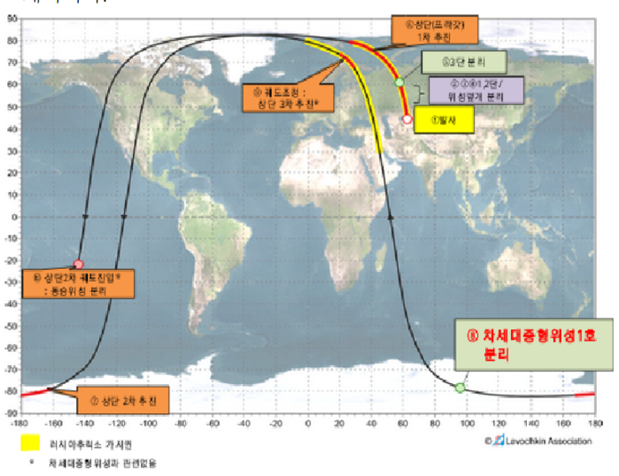 ▲ 소유즈 발사체 차세대중형위성1호 위성 지상궤적 [출처= 과학기술정보통신부] |
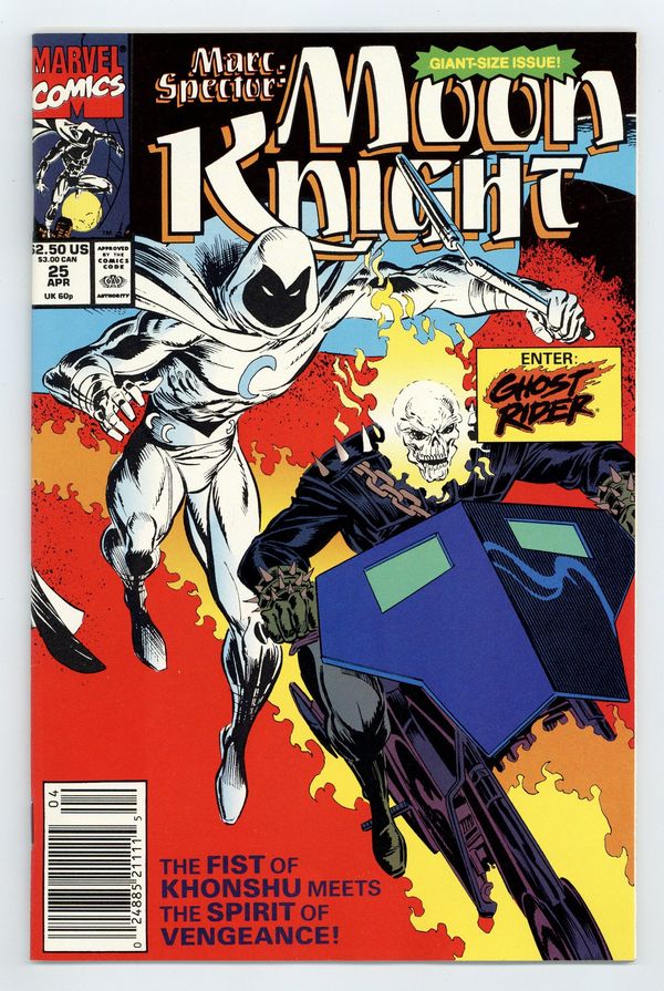 Ghosts of the Past - Written by Howard Mackie. Art by Mark Bagley & Tom Palmer. Ghost Rider guest-stars in a double-sized milestone issue! Flame head helps Moon Knight when the Knights of the Moon challenge Marc Spector's right to serve as a warrior of Khonshu! And if that isn't enough, Plasma attacks, too! 48 pages, full color. Cover price $2.50.
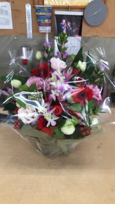 【お祝い花】プロにおまかせ ブーケ「赤系」3,850円
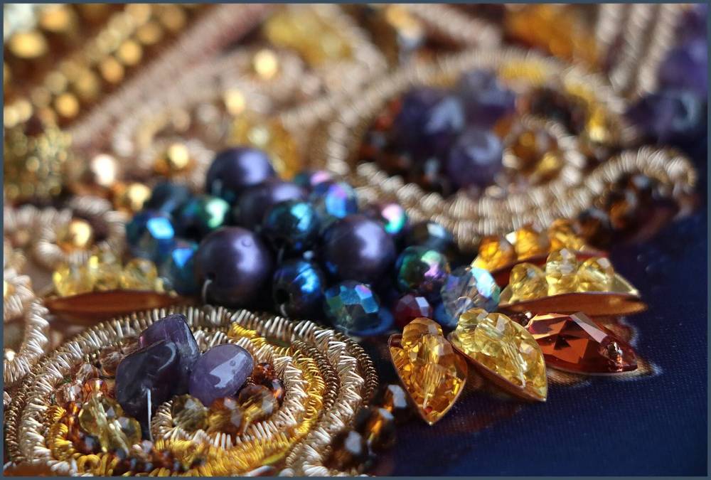 В набор входит: плотная атласная ткань с нанесенной авторской схемой, фетр с нанесенной авторской схемой, аметист, бусины “Майерика”, бусины “Хрусталь”, акрил (цвет бензин), стразы, стразовые цепочки, винтажные звездочки, металлическая фурнитура, металлическая тесьма с шариками, пайетки, ювелирный бисер ТОХО (Япония), бисер Чехия, бисер MILL HILL, трунцал, канитель, игла, карты расположения бусин и трунцала, пошаговая инструкция по пришиванию некоторых элементов с фотографиями.

WORK ITEM: Every line of the data above is to be repeated exactly; the images are to be left out.

THE COMPLETED TASK:
 ▲ 소유즈 발사체 차세대중형위성1호 위성 지상궤적 [출처= 과학기술정보통신부] |
 Ghosts of the Past - Written by Howard Mackie. Art by Mark Bagley & Tom Palmer. Ghost Rider guest-stars in a double-sized milestone issue! Flame head helps Moon Knight when the Knights of the Moon challenge Marc Spector's right to serve as a warrior of Khonshu! And if that isn't enough, Plasma attacks, too! 48 pages, full color. Cover price $2.50.
 【お祝い花】プロにおまかせ ブーケ「赤系」3,850円
 В набор входит: плотная атласная ткань с нанесенной авторской схемой, фетр с нанесенной авторской схемой, аметист, бусины “Майерика”, бусины “Хрусталь”, акрил (цвет бензин), стразы, стразовые цепочки, винтажные звездочки, металлическая фурнитура, металлическая тесьма с шариками, пайетки, ювелирный бисер ТОХО (Япония), бисер Чехия, бисер MILL HILL, трунцал, канитель, игла, карты расположения бусин и трунцала, пошаговая инструкция по пришиванию некоторых элементов с фотографиями.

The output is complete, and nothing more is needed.